1. Cray C90 has dual-pipeline at 244MHz, so 2*0.244=0.488 GFLOPS. Where does the other factor of 2 come from to make it 0.976?
2. btw, is 9500MB/s from https://www.cs.virginia.edu/stream/standard/Bandwidth.html ("1991.11.13 Cray_C90 1 6965.4 6965.4 9378.7 9500.7 data")
To be preicse, the document number should be 248966-040.
3. DAXPY means "z = a*x + y", right? When you mention "24 bytes / 2FLOPS". I guess 24 bytes mean x, y and z? And the two insturcitons mean FMA and store?
4. How about memory bandwidth for integer workload? If the memory access is not contiguous, how much possibility that memory bandwidth could become the bottleneck?
5. Any well-known workload/benchmarks have bottlenecks due to cache bandwidth and memory bandwidth?
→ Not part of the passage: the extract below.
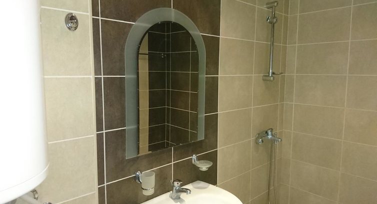 санузел совмещён,душ хороший,но без поддона,с дыркой в полу,мне даже понравилась такая система,вода горячая постоянно(кстате следите,чтоб кнопка красная на болере и вторая в комнате около выключателя всегда горела,а то у меня доча выключила в комнате,воды горячей не было,отельский мастерок всё "починил" по первому требованию)

6. How to measure PMCs to know that the bandwidth become the bottleneck? Especially for cloud environment, there could be many processes/threads access cache/memory simultaneously. I guess we need to whole-system PMC counting to know if bandwidth is a bottleneck, right? Pointers to any similar measurement/work/document would be appreciated.
Each of the Cray C90 pipelines has both an adder and a multiplier, so the peak floating-point performance is four operations per cycle (2 adds, 2 multiplies).
For DAXPY [ x(i) = x(i) + q*y(i) ] there are two 8-byte loads and one 8-byte store, giving 24 bytes per iteration. Each iteration includes one multiply and one add, for a total of 2 FLOPS.
Integer data is moved around at the same speeds as floating-point data, but fewer integer workloads have the advantage of full vectorization. Cache bandwidth is dramatically reduced without SIMD loads and stores. For example, with 32-bit integers, both Broadwell and Skylake are limited to 12 bytes per cycle of L1 cache bandwidth (2*4-Byte loads + 1*4-Byte store). Transfers from the L2 to the L1 still take place in full cache lines, but it takes the core extra cycles to process the individual words in the cache line, so throughput is significantly reduced.
Non-contiguous memory accesses make matters much worse (for data outside of the L1 cache) because (1) not all of the data moved is used, and (2) the hardware prefetchers are less likely to pull data into the caches before it is needed. If the hardware prefetchers are not working effectively (or if only a small number of cores are in use), the performance needs to be modeled as a combination of latency and bandwidth effects. This requires understanding the average concurrency (number of outstanding cache misses at each level of the cache hierarchy), which can be challenging on modern architectures.
Some performance counter events are useful in evaluating whether memory access limits application performance. The event CYCLE_ACTIVITY (EventSelect 0xA3) can be configured to count dispatch stalls that occur while there is at least one demand load outstanding at various levels of the memory hierarchy. The out-of-order pipeline can often handle the latency of an L1 miss/L2 hit (so the occurrence of a dispatch stall while there is an outstanding L1 miss can be a coincidence), but when there are demand loads missing the L2, most of the stalls are expected to be due to waiting on the cache miss to be resolved.
In general, however, the characterization of application sensitivity to memory bandwidth and memory latency remains a challenging topic.